## Aim of the task
Please keep the pictures out and write out exactly the lines from the first in the data below through the one containing "Arrival of the Red Osier Dogwood", both included.

## Data for this exercise
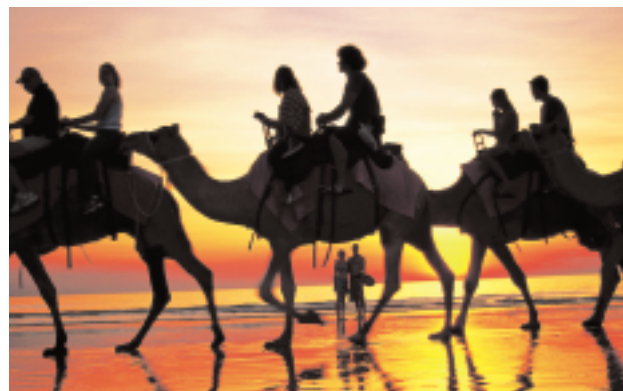
Camels may be a tourism cliché, but that doesn't mean they're not great fun.

Even when there are swimmers, sunbathers, walkers and kayakers, the beach looks mostly empty.
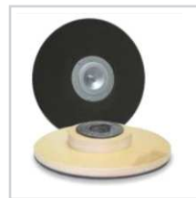
Premium Sandpaper Driver 1" thick plywood block 1" riser and universal clutch plate. 1/2" thick cushion and steel mounting disc holds sandpaper #A0014-HD - 17" #A0014-1HD - 20"
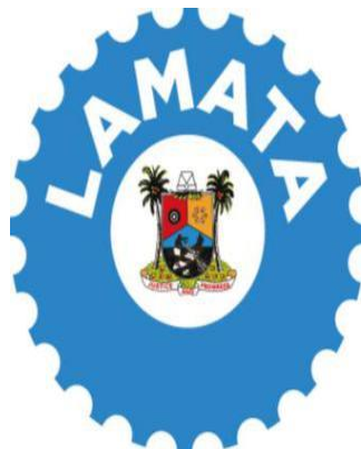
Lagos Metropolitan Area Transport Authority (LAMATA)
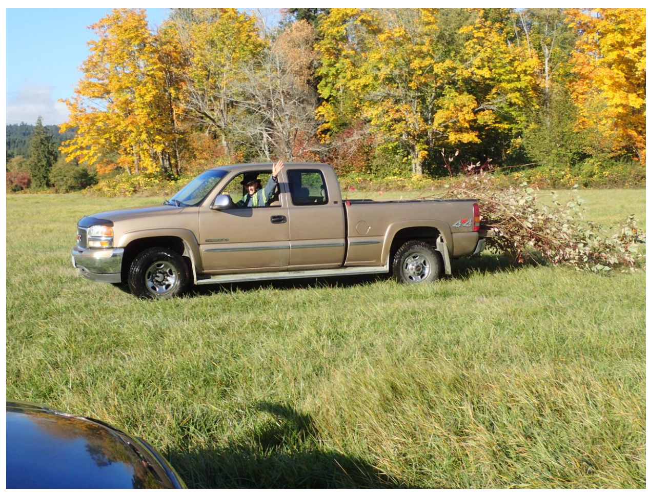
Arrival of the Red Osier Dogwood

The idea was to weave a "wattle fence" using all natural materials. Fairly heavy red osier stakes were first driven about three feet into the ground and then inter woven with long slender red osier limbs.
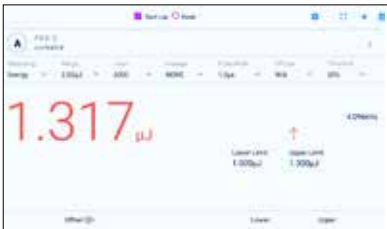
Pass/Fail screen. Excellent for QA purposes.
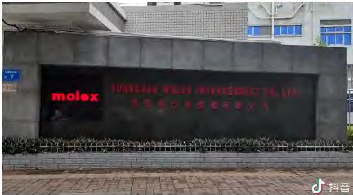
Ex. 16 (video stills from https://www.douyin.com/search/%E7%BE%8E%E5%9B%BD%E8%8E%AB%E4%BB%95%E8%BF%9E%E6%8E%A5%E5%99%A8%E7%AE%80%E4%BB%8B?modal_id=7142675489977650440 ) at 2.
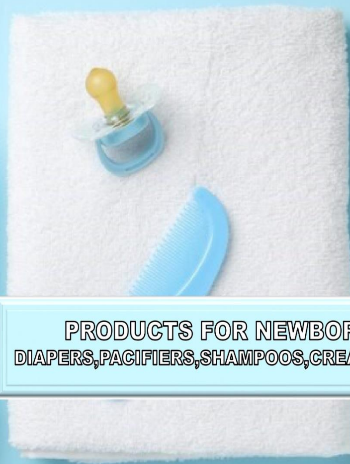
PRODUCTS FOR NEWBORN DIAPERS,PACIFIERS,SHAMPOOS,CREAMS,(...).
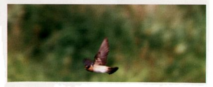
Cave Swallow in St. Tammany Parish, Louisiana, May 8, 1988.
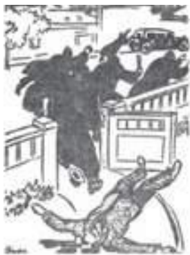
The New Guard's Fascist Legion as depicted in the 'Labor Daily' newspaper, May 1932

The big fella 1.93 metre Premier Jack Lang and NSW Governor Sir Phillip Game who removed him.
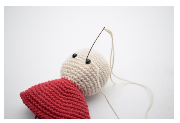
2. Insert the needle on the left side of the eye.

## Finished exercise
Camels may be a tourism cliché, but that doesn't mean they're not great fun.

Even when there are swimmers, sunbathers, walkers and kayakers, the beach looks mostly empty.
Premium Sandpaper Driver 1" thick plywood block 1" riser and universal clutch plate. 1/2" thick cushion and steel mounting disc holds sandpaper #A0014-HD - 17" #A0014-1HD - 20"
Lagos Metropolitan Area Transport Authority (LAMATA)
Arrival of the Red Osier Dogwood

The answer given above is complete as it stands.